1/09/2003

Hey Folks...

Here I am in DC! After a LONG and BORING vacation (punctuated by some wonderful highlights, thankfully), I am officially in DC and on my own. It's frustrating, I must say... despite the comfort of chatting on the phone, I really miss the emotional intimacy of relationships in CCF. Here, my fellow interns are hard-drinking womanizers... and I'm not exaggerating in the least. Still, I'm seeing the good in being here. Why?

For one thing, I'm all set for work. I still have a shot at the White House, but I've lined up an alternative even if I don't get it, so that's helpful. Congressman Rogers' office seems to like me a lot, since I know half the lobbyists in Michigan!

For another, DC is SOOOO fun. No homework, no classes, just lots of free time in my favorite city in the world. Believe it or not, today I walked over 6 miles round trip to get Vermacelli at Chinatown! Very cool, I know. It's so neat to be so close to all the sites; I'm across the street from the Heritage Foundation, 5 minutes walk from Union Station, and 10 minutes walk from the Capital. My house where I'm staying is well furnished. My room is the size of TWO MSU dorms, and I only have 1 roommate. Between the things the room came with and what my roommate and I brought, I have 3 lamps, a fridge, TV with cable, VCR, DVD, large windows, plenty of closet space, and a dresser. On top of all this, I'm already meeting people who are helping me "get to know" the town better.

Third, I've had a chance to get serious about some of my interests. I've been reading voraciously... including CS Lewis-Mere Christianity, Russell Kirk-The Roots of American Order, David McCollough-John Adams, a devotional with readings from some of the early church fathers, and of course the Bible. Not surprisingly, I'm seen as a bit of a geek (reads a lot, doesn't drink, isn't out to get laid, conservative, etc.) Still, I think that can be a good witness.

Finally, I think I'm starting to prove to myself that things will be ok in the end. I AM capable, I CAN surivive on my own without help from the 'rents, and I AM headed in the right direction. I've really been struck by some of my readings on John Adams, a guy who at age 20 was smart, ambitious, eloquent, loved reading, was a strong Christian, and was slightly arrogant... sound familiar? Even so, he struggled with whether he'd ever mean anything in life. Obviously, though, he went on to become one of the most important Founding Fathers that we had. I don't expect to reach those heights, but at least God is showing me that he can do plenty with me... I just need a little patience, surprise surprise.

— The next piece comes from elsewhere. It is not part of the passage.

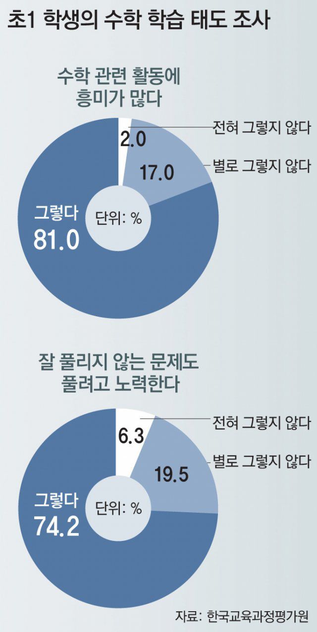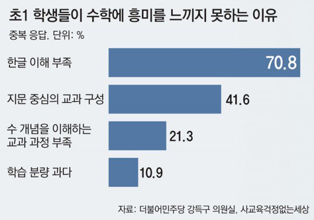 초등학교 1학년생 5명 중 1명은 수학에 흥미를 못 느끼고, 4명 중 1명은 문제 풀이를 지레 포기하는 것으로 나타났다. 어려운 수학 교과서가 ‘초1 수포자(수학포기자)’를 만든다는 지적이 나온다.

Don't get me wrong... there are a lot of hard things about being here. I hate trying to cook and I'm sick of the loneliness and I'm tired of having to be careful about every detail of every relationship. I MISS CCF. Still, I think things are headed in the right direction. Keep praying for me... and feel free to call or e-mail! I really appreciate it when people take the time to call me... it lets me know that you want to stay in touch, and I'm willing to call you once in a while if you let me know you want it.

Well, I'm off to do some serious reading... have a great day!